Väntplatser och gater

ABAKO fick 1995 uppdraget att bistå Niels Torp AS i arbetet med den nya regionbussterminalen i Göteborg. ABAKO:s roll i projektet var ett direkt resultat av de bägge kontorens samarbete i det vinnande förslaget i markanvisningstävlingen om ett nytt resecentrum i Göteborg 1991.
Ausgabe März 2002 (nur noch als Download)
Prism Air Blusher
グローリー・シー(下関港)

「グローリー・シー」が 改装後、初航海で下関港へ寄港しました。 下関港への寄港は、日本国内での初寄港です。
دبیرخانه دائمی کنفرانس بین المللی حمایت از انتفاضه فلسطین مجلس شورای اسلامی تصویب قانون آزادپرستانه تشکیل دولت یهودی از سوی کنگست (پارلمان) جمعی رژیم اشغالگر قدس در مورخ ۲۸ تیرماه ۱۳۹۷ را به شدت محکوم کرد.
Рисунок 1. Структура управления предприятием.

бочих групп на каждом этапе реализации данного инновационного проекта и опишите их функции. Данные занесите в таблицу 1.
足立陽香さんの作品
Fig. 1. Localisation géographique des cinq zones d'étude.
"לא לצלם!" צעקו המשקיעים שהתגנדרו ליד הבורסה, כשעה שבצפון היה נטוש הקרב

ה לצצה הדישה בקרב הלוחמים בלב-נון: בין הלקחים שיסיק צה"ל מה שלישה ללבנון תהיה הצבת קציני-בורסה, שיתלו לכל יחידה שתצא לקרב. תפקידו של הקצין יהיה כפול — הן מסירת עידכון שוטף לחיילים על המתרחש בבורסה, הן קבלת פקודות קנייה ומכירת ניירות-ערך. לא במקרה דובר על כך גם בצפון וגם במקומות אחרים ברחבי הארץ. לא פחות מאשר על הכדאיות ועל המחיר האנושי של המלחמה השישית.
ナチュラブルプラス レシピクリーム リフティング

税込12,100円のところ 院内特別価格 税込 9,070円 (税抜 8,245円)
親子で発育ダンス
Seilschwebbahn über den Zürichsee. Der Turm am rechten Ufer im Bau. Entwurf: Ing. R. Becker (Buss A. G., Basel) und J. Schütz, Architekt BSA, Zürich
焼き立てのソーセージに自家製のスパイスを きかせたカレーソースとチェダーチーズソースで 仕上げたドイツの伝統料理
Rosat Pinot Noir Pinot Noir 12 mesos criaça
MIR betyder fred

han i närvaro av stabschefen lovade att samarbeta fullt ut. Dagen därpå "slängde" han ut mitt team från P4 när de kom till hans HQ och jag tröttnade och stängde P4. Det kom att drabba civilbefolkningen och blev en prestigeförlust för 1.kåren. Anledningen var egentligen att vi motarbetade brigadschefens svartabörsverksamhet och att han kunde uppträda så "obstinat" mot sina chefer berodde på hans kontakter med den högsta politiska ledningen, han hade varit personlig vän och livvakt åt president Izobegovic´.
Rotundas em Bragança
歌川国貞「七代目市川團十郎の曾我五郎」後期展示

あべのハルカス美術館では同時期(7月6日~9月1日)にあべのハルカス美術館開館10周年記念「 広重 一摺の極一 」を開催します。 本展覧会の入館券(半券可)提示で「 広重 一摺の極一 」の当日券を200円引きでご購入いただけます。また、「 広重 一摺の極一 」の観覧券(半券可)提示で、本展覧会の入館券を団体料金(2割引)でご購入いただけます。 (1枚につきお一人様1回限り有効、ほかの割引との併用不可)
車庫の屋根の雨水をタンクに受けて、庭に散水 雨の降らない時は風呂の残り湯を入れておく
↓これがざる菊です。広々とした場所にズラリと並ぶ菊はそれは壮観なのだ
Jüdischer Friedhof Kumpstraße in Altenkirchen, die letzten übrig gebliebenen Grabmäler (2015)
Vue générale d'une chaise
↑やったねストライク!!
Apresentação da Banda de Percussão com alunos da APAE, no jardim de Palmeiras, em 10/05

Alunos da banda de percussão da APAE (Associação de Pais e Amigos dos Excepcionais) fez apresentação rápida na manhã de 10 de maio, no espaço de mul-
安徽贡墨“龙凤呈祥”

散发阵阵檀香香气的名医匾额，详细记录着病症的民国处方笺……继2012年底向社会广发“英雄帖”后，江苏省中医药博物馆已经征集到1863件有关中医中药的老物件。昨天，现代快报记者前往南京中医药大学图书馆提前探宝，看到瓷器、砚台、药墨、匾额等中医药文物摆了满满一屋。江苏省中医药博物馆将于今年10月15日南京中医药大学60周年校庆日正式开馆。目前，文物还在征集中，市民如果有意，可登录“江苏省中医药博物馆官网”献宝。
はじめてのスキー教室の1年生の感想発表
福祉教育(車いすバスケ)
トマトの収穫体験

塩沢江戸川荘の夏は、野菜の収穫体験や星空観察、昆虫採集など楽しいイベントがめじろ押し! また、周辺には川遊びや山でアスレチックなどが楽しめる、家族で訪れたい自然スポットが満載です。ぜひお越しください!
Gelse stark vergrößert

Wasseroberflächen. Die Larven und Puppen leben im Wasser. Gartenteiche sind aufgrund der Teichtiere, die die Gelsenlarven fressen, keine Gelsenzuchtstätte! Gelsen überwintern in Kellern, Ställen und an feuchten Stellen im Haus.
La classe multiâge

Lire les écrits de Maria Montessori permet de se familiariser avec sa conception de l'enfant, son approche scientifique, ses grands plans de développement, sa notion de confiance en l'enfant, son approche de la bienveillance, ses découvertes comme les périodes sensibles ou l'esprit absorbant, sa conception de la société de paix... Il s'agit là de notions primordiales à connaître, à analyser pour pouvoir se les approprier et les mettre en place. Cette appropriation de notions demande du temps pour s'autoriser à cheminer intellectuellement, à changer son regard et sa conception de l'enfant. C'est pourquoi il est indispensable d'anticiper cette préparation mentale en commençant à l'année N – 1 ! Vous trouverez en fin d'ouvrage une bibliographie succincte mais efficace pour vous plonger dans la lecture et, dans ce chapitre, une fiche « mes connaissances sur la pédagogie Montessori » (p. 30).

-.-.-

** PROBLEM TO SOLVE **
Tally the lines that hold the word "APAE" in the listing, and give the tally with nothing else.

** RESULT OF THIS EXERCISE **
2